News Release

People at genetic risk for Alzheimer's age mentally just like noncarriers

Risk factor appears to kick in, for some carriers, only in old age

Peer-Reviewed Publication

American Psychological Association

WASHINGTON -- Australian researchers say that a genotype that heightens the risk for Alzheimer's disease does not contribute to cognitive change during most of adulthood. The largest study of its kind has found that carriers and non-carriers show the same type and extent of normal age-related cognitive declines, decades before carriers start to more often develop symptoms of dementia. The findings suggest that the higher-risk genotype acts only in later years to layer disease on top of normal aging.

The findings appear in the January issue of Neuropsychology, which is published by the American Psychological Association (APA).

The study may help rule out the possibility of very early Alzheimer's as the cause of the declines among carriers before they reach old age. Write the authors, "[Alzheimer's disease] processes may occur later in the lifespan and add to normal cognitive aging to produce a dementia syndrome."

The study confirmed that carriers of the APOE4 gene type (allele), which confers higher risk for Alzheimer's, are just like other people their age throughout most of adult life in terms of core mental functions. Previous findings had been unclear. Lead author Anthony Jorm, PhD, DSc, explains, "Although some areas of cognitive decline begin from early adulthood onwards, this is not due – as some have speculated -- to very early Alzheimer's changes in the brain."

The APOE gene helps to transport cholesterol through the production of apolipoprotein E. People carry two copies of APOE, each being one of four APOE alleles.
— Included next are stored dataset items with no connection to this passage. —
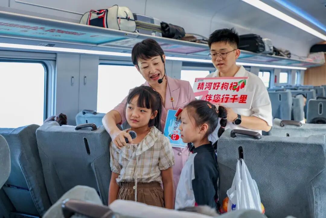 今年8月,在乌鲁木齐站,一场盛大的首发仪式吸引了众人目光,“精河枸杞 给您充电”冠名列车正式启航,其车身彩贴、门贴以及车厢内的座椅搭巾、小桌板贴等,均印着精河枸杞醒目的宣传标识。这也是精河县探索“铁路+农业”“交通+文旅”深度融合的创新实践,让精河枸杞在飞机、火车等现代化交通工具走进全国各地的千家万户。
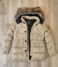 9/10. One try - mistake with size. As new - check detail pics Down parka by DUVETICA in nice beige color Detachable real fur hood, riri zips, warn, soft Tag size 48 - runs M Made in Croatia RRP - 1100$ Check my other listings!!!!
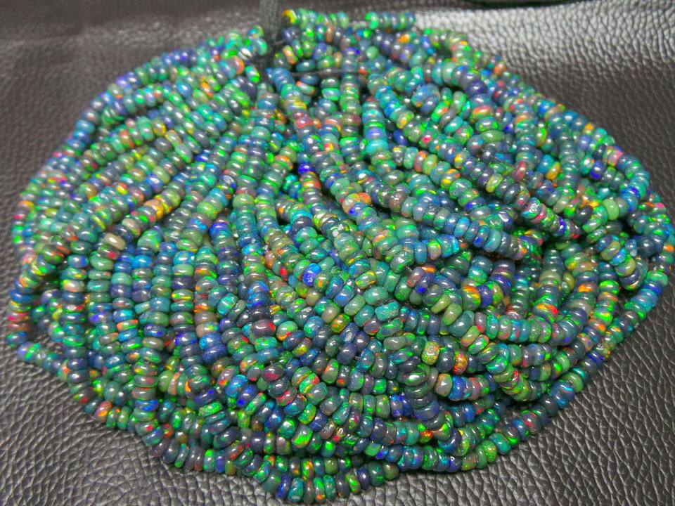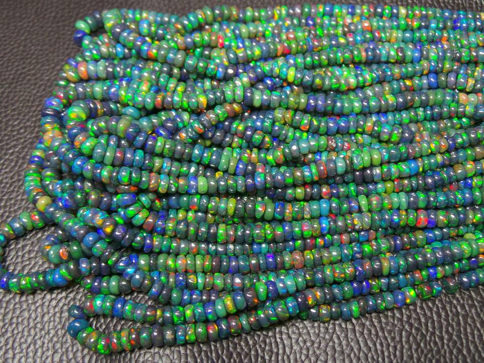 ลูกปัดโอปอลสีดำ Ethiopian ที่น่าสนใจลูกปัดโอปอลไฟสีดำพลอยโอปอลขัดเรียบขนาด3-4มม.

APOE4 raises Alzheimer's risk. In this study, researchers at the University of Melbourne and Australian National University assessed whether the small percentage (varying by ethnicity) of the population that carries at least one copy of APOE4 are cognitively different from non-carriers long before anyone shows signs of dementia.

The authors studied 6,560 people living in Canberra or neighboring Queanbeyan enrolled in the PATH Through Life Project, a long-term study of aging that assesses people in the age groups of 20-24, 40-44, and 60-64 years every four years for a period of 20 years. Jorm and his colleagues evaluated whether, in each age group, carriers of APOE4 (27 percent in their sample) were significantly different from non-carriers on tests of functions affected by Alzheimer's: episodic memory, working memory, mental speed, reaction time, and reading vocabulary.

Performance on all tests (except for reading vocabulary, which tends to hold up with age) declined across age groups, a sign of normal cognitive aging. However, APOE4 did not affect performance at any age. Thus the researchers conclude that at least between ages 20 and 64, people with APOE4 age normally in those central cognitive functions.

This finding suggests that APOE4 heightens the risk for Alzheimer's in old age through an additional, as-yet-unknown process that accelerates or intensifies normal changes, pushing them into the range of disease. Jorm provides an analogy. "In general, hair becomes thinner with age," he says. "However, there are some people who have an additional hereditary factor that makes them bald at an early age."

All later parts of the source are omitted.